Let $T'$ denote the dual map of $T$ where $T$ is a linear map from $V$ to $W$ and $V$, $W$ are both finite dimensional. Let $U^0$ denote the annihilator of the subspace $U$ of $V$.
I wanted to prove $(\ker T)^0=(\operatorname{Im}T')$ without using the fact that $\operatorname{Rank}(T)=\operatorname{Rank}(T')$. Right now, I am only stuck at the point of showing $(\ker T)^0\subset(\operatorname{Im}T').$ I saw this answer on Stackexchange earlier but it seems longer than expected. Since this was only a section of past paper question, I was wondering if there was a quicker way in showing so.
I thought about taking $f\notin \operatorname{Im}(T')$ and tried to show that $f\notin (\ker T)^0$ as well but I didn't get far with that one.

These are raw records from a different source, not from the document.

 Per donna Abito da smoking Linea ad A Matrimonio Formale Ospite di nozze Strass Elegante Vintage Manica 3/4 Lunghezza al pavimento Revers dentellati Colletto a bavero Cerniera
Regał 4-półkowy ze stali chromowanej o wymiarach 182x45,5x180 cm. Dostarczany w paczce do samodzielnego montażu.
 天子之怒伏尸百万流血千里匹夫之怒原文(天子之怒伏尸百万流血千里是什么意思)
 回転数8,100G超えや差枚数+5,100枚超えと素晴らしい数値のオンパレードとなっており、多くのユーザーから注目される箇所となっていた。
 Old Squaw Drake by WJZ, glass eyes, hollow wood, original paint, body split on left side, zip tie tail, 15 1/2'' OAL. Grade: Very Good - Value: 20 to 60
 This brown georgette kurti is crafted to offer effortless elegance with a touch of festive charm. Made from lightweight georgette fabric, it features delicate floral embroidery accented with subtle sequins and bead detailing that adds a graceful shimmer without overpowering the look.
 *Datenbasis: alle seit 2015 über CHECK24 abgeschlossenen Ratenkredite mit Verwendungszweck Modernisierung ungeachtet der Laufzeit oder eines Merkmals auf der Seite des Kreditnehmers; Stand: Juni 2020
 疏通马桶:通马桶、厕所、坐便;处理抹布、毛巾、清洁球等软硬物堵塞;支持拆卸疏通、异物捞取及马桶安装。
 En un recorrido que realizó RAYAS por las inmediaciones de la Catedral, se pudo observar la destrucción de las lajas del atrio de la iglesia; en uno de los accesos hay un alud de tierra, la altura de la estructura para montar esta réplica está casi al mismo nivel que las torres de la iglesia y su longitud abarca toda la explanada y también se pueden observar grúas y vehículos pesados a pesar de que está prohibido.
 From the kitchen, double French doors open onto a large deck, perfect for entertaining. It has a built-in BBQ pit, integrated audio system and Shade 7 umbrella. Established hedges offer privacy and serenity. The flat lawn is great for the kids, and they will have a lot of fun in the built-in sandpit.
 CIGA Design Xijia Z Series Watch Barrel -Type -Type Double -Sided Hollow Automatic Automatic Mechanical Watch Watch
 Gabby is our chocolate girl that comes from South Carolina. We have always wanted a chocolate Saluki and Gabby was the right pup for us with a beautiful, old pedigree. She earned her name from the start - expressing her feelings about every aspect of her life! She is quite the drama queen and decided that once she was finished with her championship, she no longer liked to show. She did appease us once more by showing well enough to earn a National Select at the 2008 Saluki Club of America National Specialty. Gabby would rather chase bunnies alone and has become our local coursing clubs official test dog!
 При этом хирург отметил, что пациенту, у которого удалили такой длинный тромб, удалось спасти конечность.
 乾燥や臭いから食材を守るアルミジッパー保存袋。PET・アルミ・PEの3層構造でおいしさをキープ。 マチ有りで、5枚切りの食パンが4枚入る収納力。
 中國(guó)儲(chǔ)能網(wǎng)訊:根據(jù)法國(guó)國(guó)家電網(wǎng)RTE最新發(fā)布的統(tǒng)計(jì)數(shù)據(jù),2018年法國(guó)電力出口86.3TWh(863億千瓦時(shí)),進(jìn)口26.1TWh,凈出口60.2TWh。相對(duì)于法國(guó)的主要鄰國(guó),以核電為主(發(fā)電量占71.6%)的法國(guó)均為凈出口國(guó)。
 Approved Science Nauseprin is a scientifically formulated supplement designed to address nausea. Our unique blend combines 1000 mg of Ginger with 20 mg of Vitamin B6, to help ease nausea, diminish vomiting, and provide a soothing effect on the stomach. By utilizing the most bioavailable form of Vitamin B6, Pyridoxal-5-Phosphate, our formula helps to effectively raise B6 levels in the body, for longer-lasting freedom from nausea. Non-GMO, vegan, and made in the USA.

We have $T: V \to W$ and $T': W' \to V'$. Then: $$ \begin{aligned} f \in (\ker T)^0 & \iff f(v) = 0 \text{ for all } v \in \ker T \\ & \iff \ker T \subseteq \ker f \\ & \iff f = g \circ T \text{ for some } g \in W' \\ & \iff f \in \operatorname{im} T' \end{aligned}$$
The step that needs explaining is going between the conditions $\ker T \subseteq \ker f$ and $f = g \circ T \text{ for some } g \in W'$. Does this hint suffice?